Despite all her work and hobbies, Wedel finds other ways to give back.
She recently helped a group of veterans process donations for families from Afghanistan who are relocating to the U.S. Wedel said she had always supported the military, in part because her father served in the U.S. Navy. She also wanted to engage in some positive work to help counteract all the negativity, arguing, and people politicizing things that has been going on since the pandemic.
She helped Team Rubicon, a nonprofit founded by a group of former military veterans who use their skills to aid people after disasters.
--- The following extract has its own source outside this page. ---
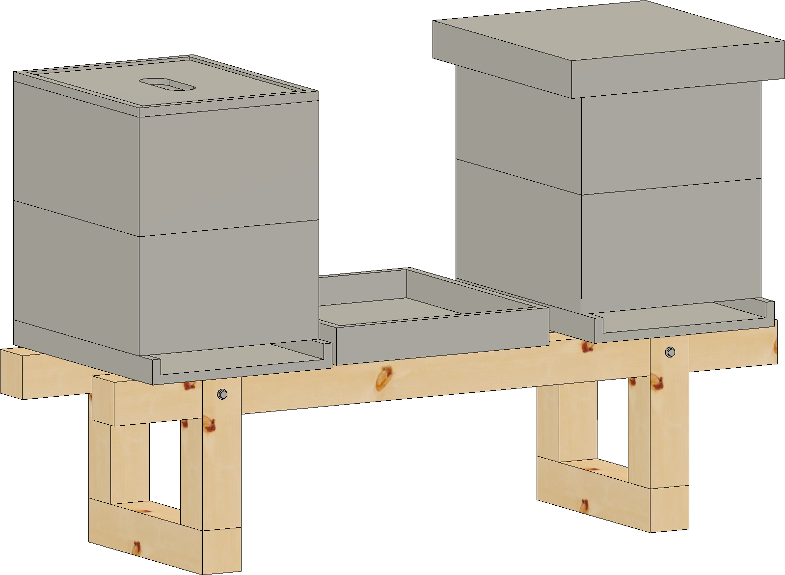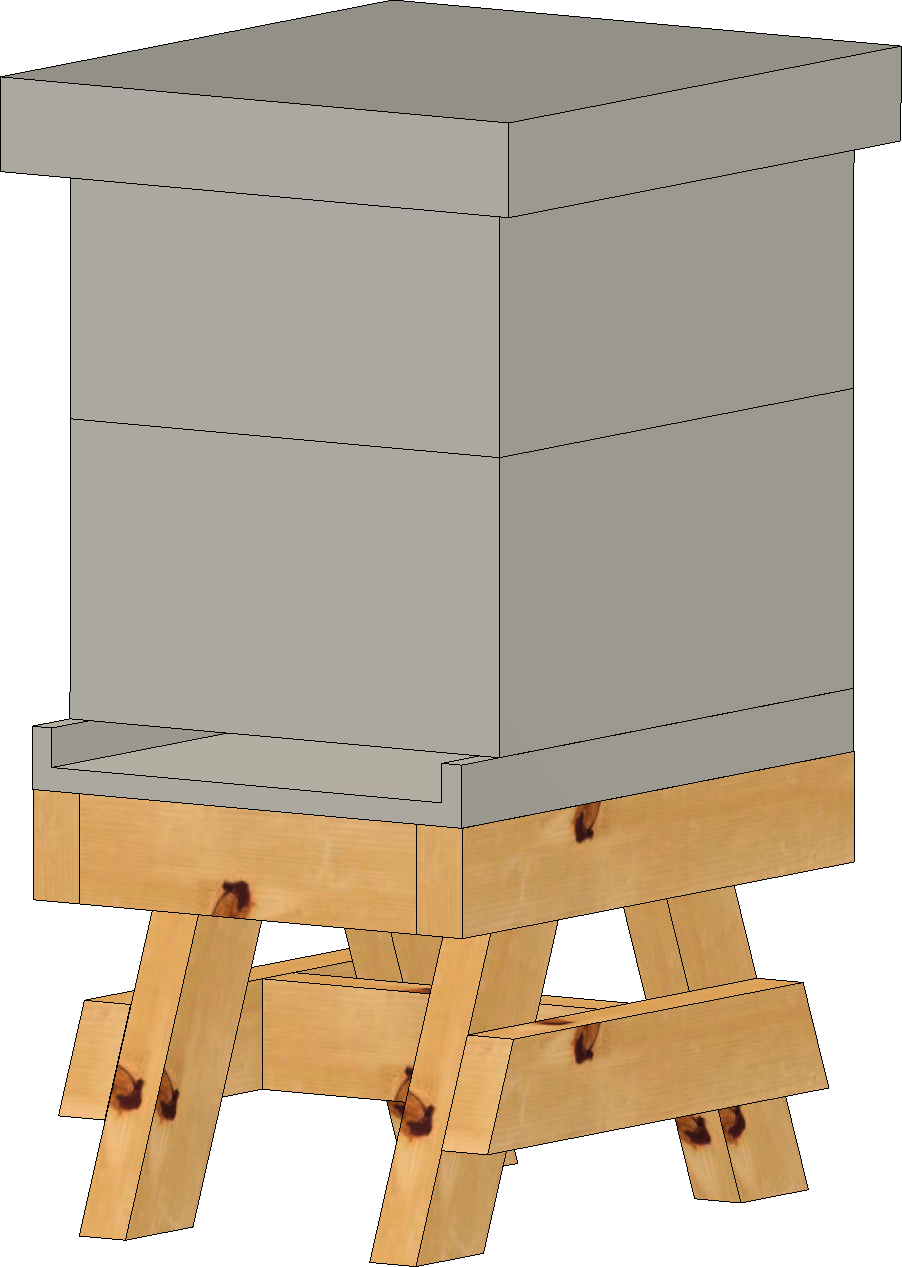 The hive stand is designed to get the colony's hive boxes off the ground. This helps with preventing wood rot, and also helps with ventilation for the hive.

Wedel worked in a warehouse, processed donations of items such as soap, shampoo, and baby formula, or helped sweep and mop—whatever needed to be done to keep processing donations.
Nancy Crocker, a Nashville Town Council member, said Wedel brings positivity and professionalism to everything she does.
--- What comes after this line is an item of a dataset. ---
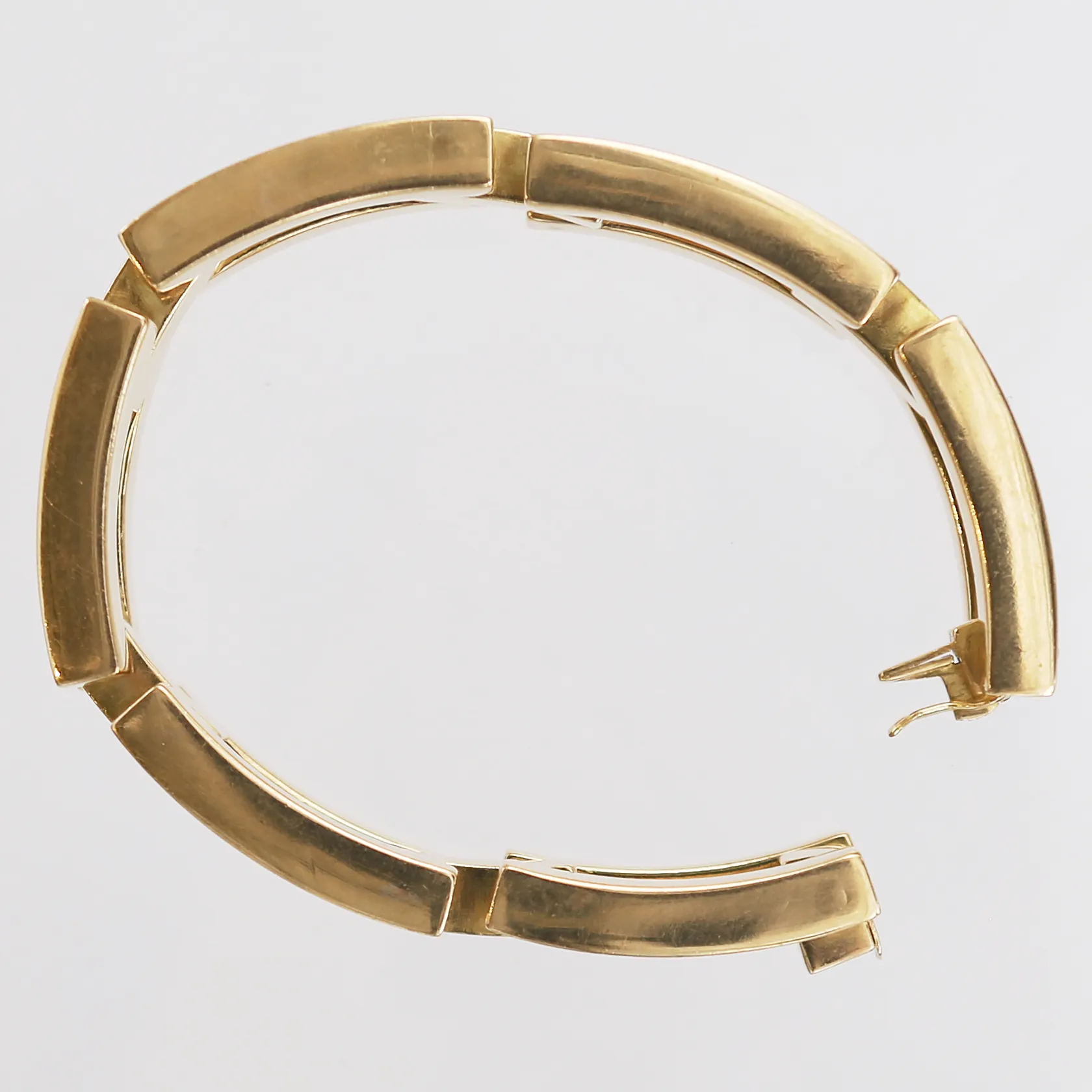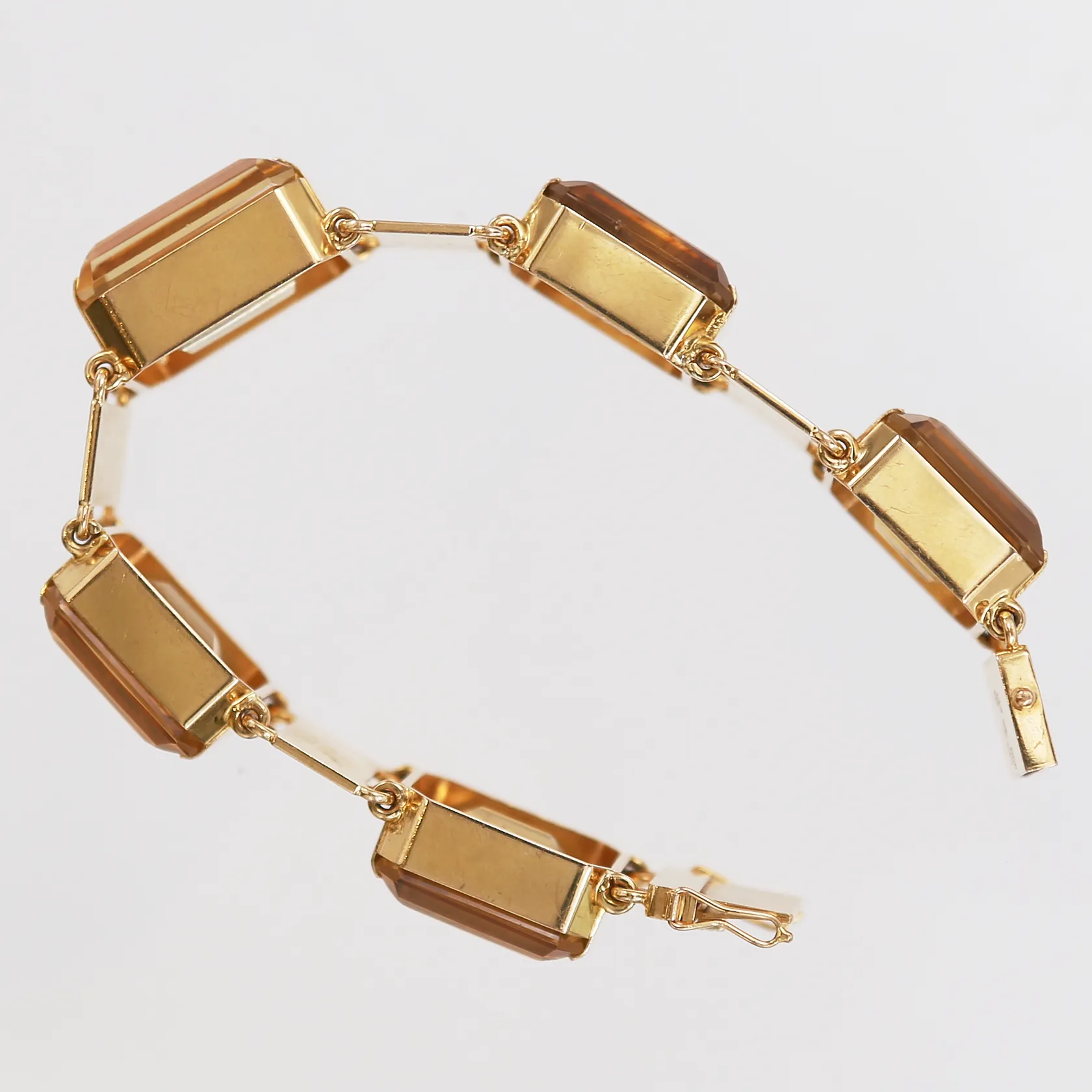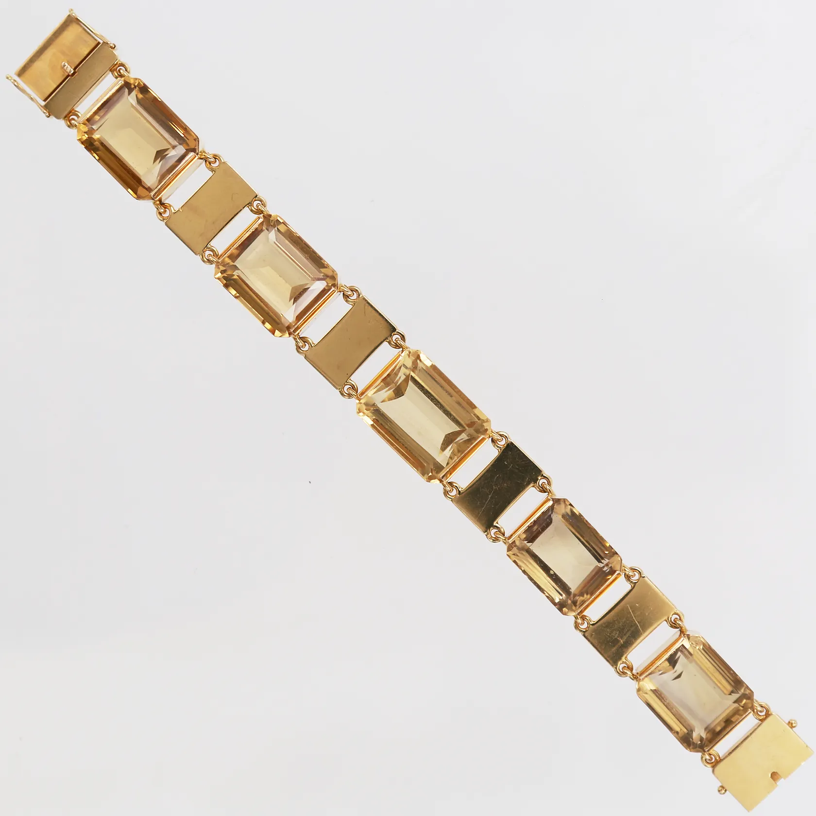 Armband med 5st smaragdslipade citriner, totalt ca 75,00ct, längd 16cm, bredd 15mm, tillverkad av Smyckeboden Olle Torrestad, Halmstad, år 1966, 18K guld, Vikt: 46,9 g.

“I’m pretty sure I have never seen her without a smile on her face,” Crocker said.
“She has a willingness to contribute to her community and freely gives of her time…but she knows her boundaries and does not agree to do more than she is able,” she said.
Crocker also marveled at Wedel’s photography skills.
“She has taken many pictures of me and all of them are better than anyone else has ever taken. No idea how she does that,” she said.
Wedel shot photos for the music center for eight months before the pandemic hit. She and her husband were fortunate because they could work from home and spend time in beautiful Brown County, but she missed photographing concerts and seeing the community come together.
She has enjoyed the return of live shows at the Brown County Music Center. She shot photos in October at the Melissa Etheridge concert, one of the first after restrictions were eased.
“It was such a cathartic experience,” Wedel said. “Everybody [came] there just for good music.”